Still, ScribbleLive, like many other Canadian businesses, knows negative reviews can turn off valuable recruits. Mr. Ainsley said the company found that job candidates were going to Glassdoor and then declining interviews and dropping out of the hiring process. Now, he said ScribbleLive makes a point of being upfront with candidates about its Glassdoor profile and the company’s history.

But like other online rating platforms, Glassdoor isn’t immune to entities that try to game its rankings and reviews system. Some companies have come under fire for asking employees to write positive reviews to boost their rating or counter bad ones. In January, a Wall Street Journal investigation analyzed millions of Glassdoor reviews, identifying more than 400 companies with unusually large single-month increases in reviews, including well-known enterprises such as Slack Technologies Inc., Space Exploration Technologies Corp. (SpaceX) and software giant SAP SE.

If the reviews are suspicious, Glassdoor Inc. spokesperson Scott Dobroski said users can “flag a review” to its content moderation team.

“In some rare instances, if we have evidence of employers going to extremely far lengths to suppress opinions or manipulate reviews, we will put a Glassdoor alert badge on a profile, which lets job seekers know there have been attempts to manipulate or compromise reviews,” Mr. Dobroski said.

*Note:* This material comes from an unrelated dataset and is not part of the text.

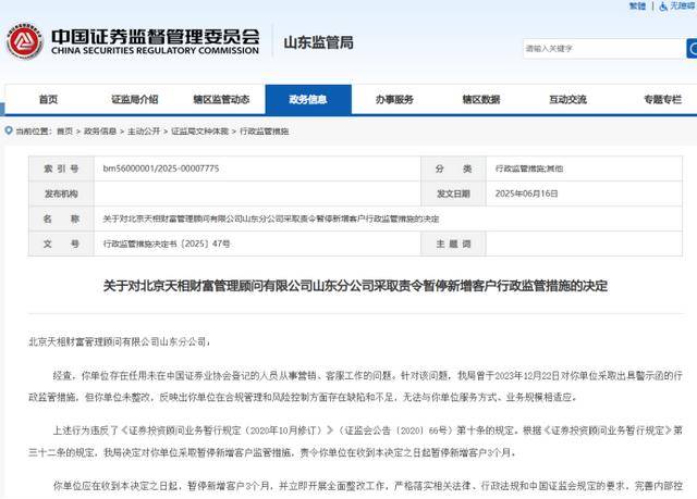 天相财富山东分公司则曾于2025年4月和2024年1月两度因违法违规被山东证监局处罚。其中前者被出具采取责令暂停新增客户行政监管措施的决定。上述行政监管措施显示,北京天相财富管理顾问有限公司山东分公司曾因存在任用未在中国证券业协会登记的人员从事营销、客服工作的问题,于2023年12月22日采取出具警示函的行政监管措施。但其却并未整改,反映出其在合规管理和风险控制方面存在缺陷和不足,无法与服务方式、业务规模相适应。为此,山东证监局决定对其采取暂停新增客户监管措施,责令其在收到本决定之日起暂停新增客户3个月,并要求其立即开展全面整改工作,严格落实相关法律、行政法规和中国证监会规定的要求,完善内部控制,切实提高合规管理水平。

There are other measures in place to help ensure reviews’ authenticity. He said users must sign into the site using a valid e-mail address or social-media account to leave a review. Before a review is published, it goes through a multitier process to ensure a post meets Glassdoor’s community guidelines. He said the site rejects about 5 per cent to 10 per cent of submitted content. (Employees are encouraged to submit reviews in order to get increased access to the site’s content.)

But employers do have legitimate ways of gaining a competitive advantage on Glassdoor, according to Nora Jenkins Townson, founder of Bright + Early, an HR consultancy for startups.

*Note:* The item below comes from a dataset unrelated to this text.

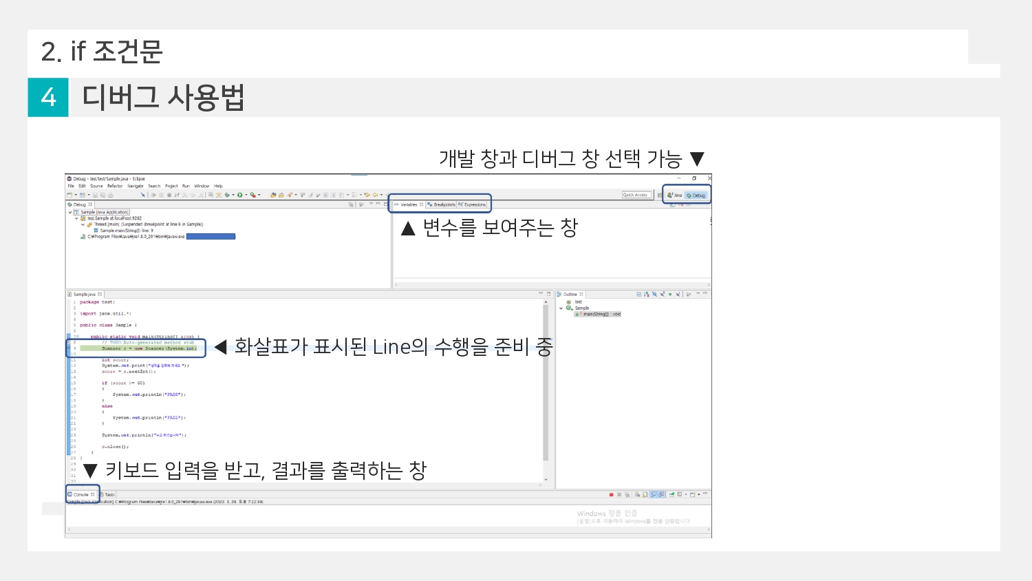 - 조건문에 따른 진행 상황을 파악할 수 있음

Similar to Yelp, any employer can sign up for a free account and respond to employee reviews on its profile. However, Glassdoor also gives companies the option of paying for an account that lets them access more features, such as the ability to remove competitors’ ads from their profiles, promote branded photos and pin a positive review to the top of their page.

“Even if you’re just responding to bad reviews, it shows your openness and transparency,” Ms. Jenkins Townson said in an interview.

Over all, she said companies should be conducting regular engagement surveys and collecting anonymous feedback to catch workplace tension points or areas for improvement before they end up on Glassdoor. While employers can ask staff to write Glassdoor reviews, they shouldn’t demand or try to influence them.

“It’s a bad employee experience to ask your staff to write positive reviews,” she said. “You’re going to leave them with a bad taste in their mouths.”

Candidates are also savvy. If reviews are clustered together on the same day or week or if many follow a bad one, it’s a flag to users to be wary.

Still, a trip to Glassdoor is becoming a common step for job seekers. Ms. Trafford, the former ScribbleLive employee, didn’t use Glassdoor much a few years ago, but she uses it now.

“For any job I look at, I definitely go to Glassdoor,” Ms. Trafford said. “I’ll only go for an interview if the company has four or five stars.”